*What this task involves:* Nothing but the pictures should be dropped; repeat the rest of the data below exactly.

[Stored items]
%%

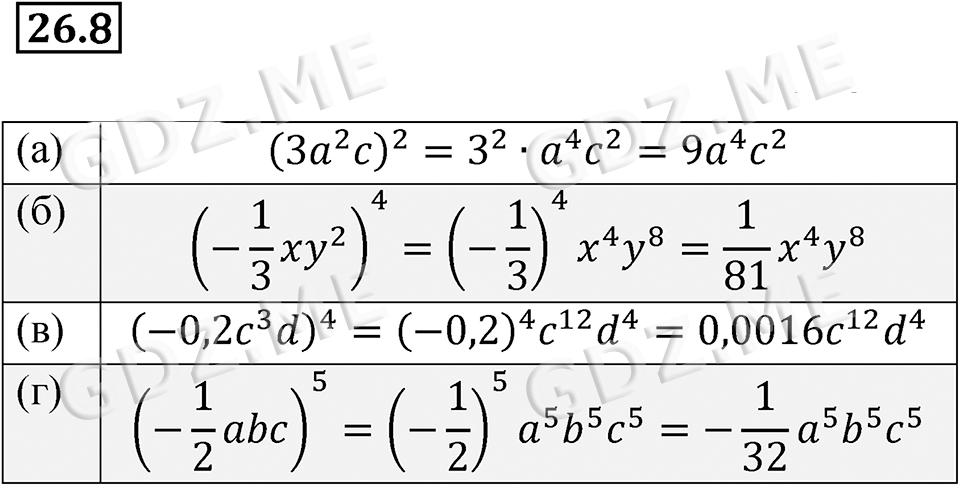 Подробный вариант решения из решебника (ГДЗ): Задание номер 26.8 (§26. Умножение одночленов. Возведение одночлена в натуральную степень) по предмету Алгебра, за 7 класс, авторы учебника Мордкович, Александрова, Мишустина.
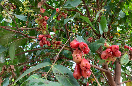 Water apples fruit on its tree, known as rose apples or watery rose apples.
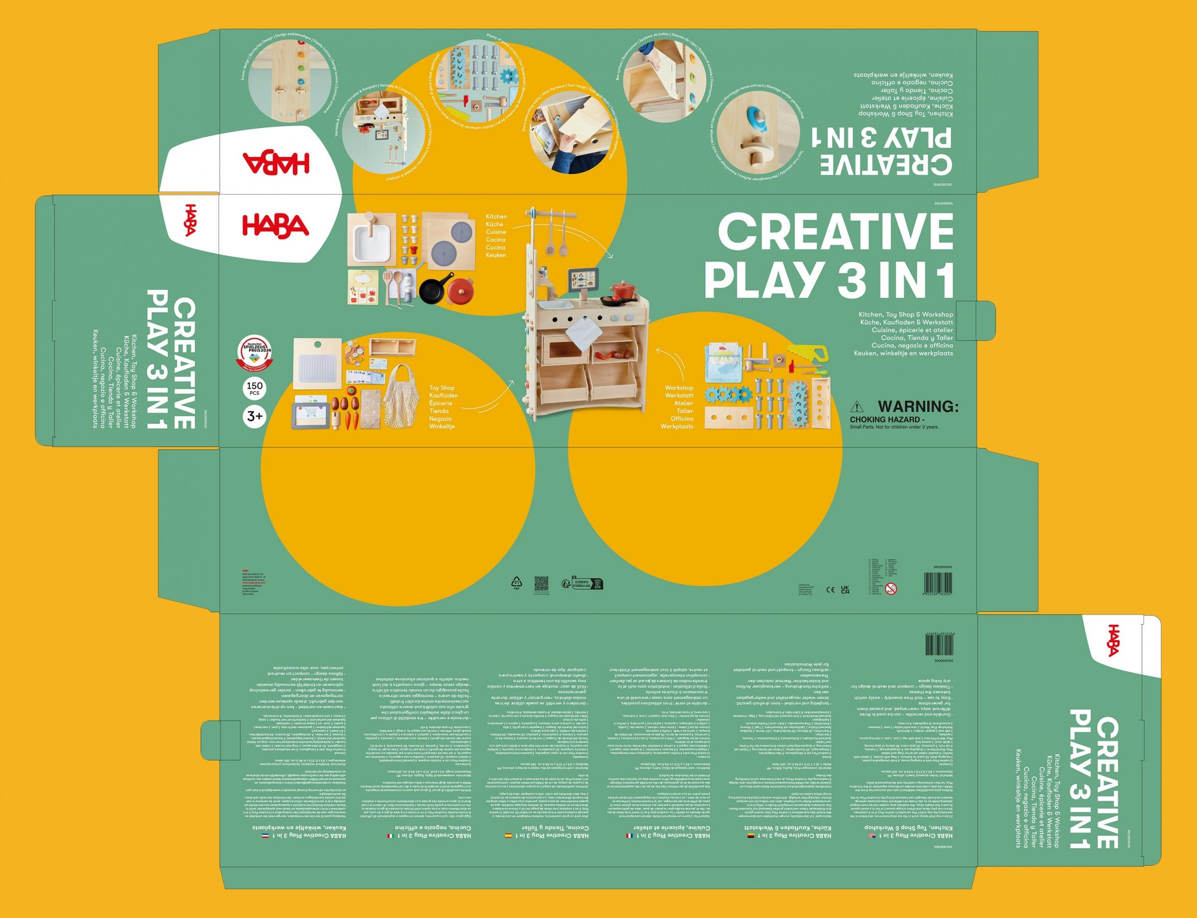 ← HABA’s Creative Play 3in1 is a pretend kitchen, workshop and store.
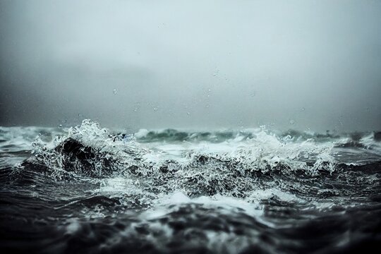 Dramatic ocean wave crashing on rocky shore at stormy coastline
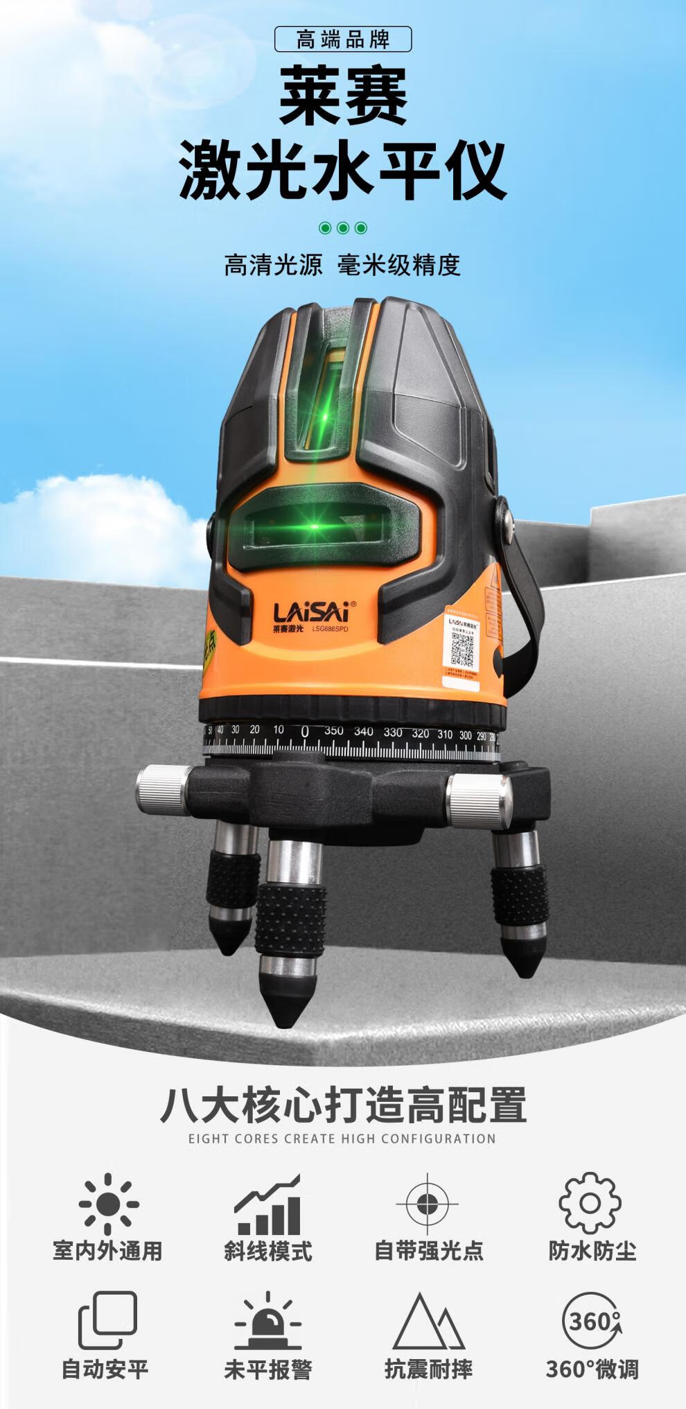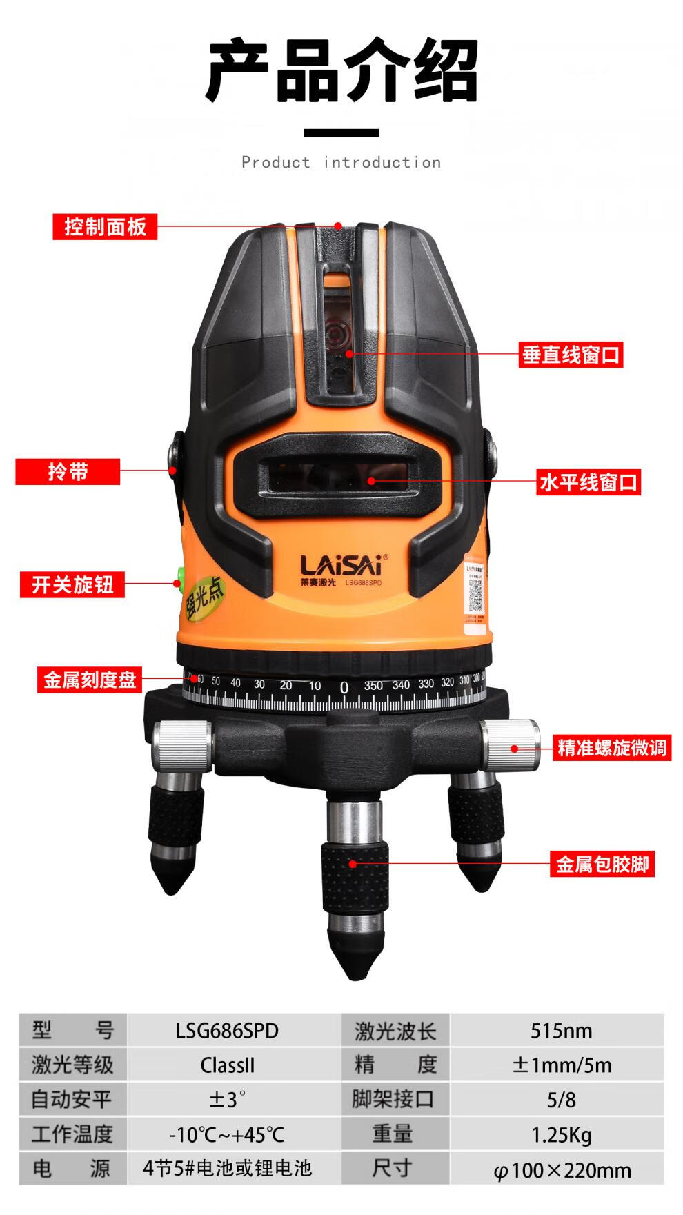 Laser laser level green light high-precision strong light thin line automatic line blue light green line leveler LSG671SD green light 2 lines standard

%%

*Finished task:*
 Подробный вариант решения из решебника (ГДЗ): Задание номер 26.8 (§26. Умножение одночленов. Возведение одночлена в натуральную степень) по предмету Алгебра, за 7 класс, авторы учебника Мордкович, Александрова, Мишустина.
 Water apples fruit on its tree, known as rose apples or watery rose apples.
 ← HABA’s Creative Play 3in1 is a pretend kitchen, workshop and store.
 Dramatic ocean wave crashing on rocky shore at stormy coastline
 Laser laser level green light high-precision strong light thin line automatic line blue light green line leveler LSG671SD green light 2 lines standard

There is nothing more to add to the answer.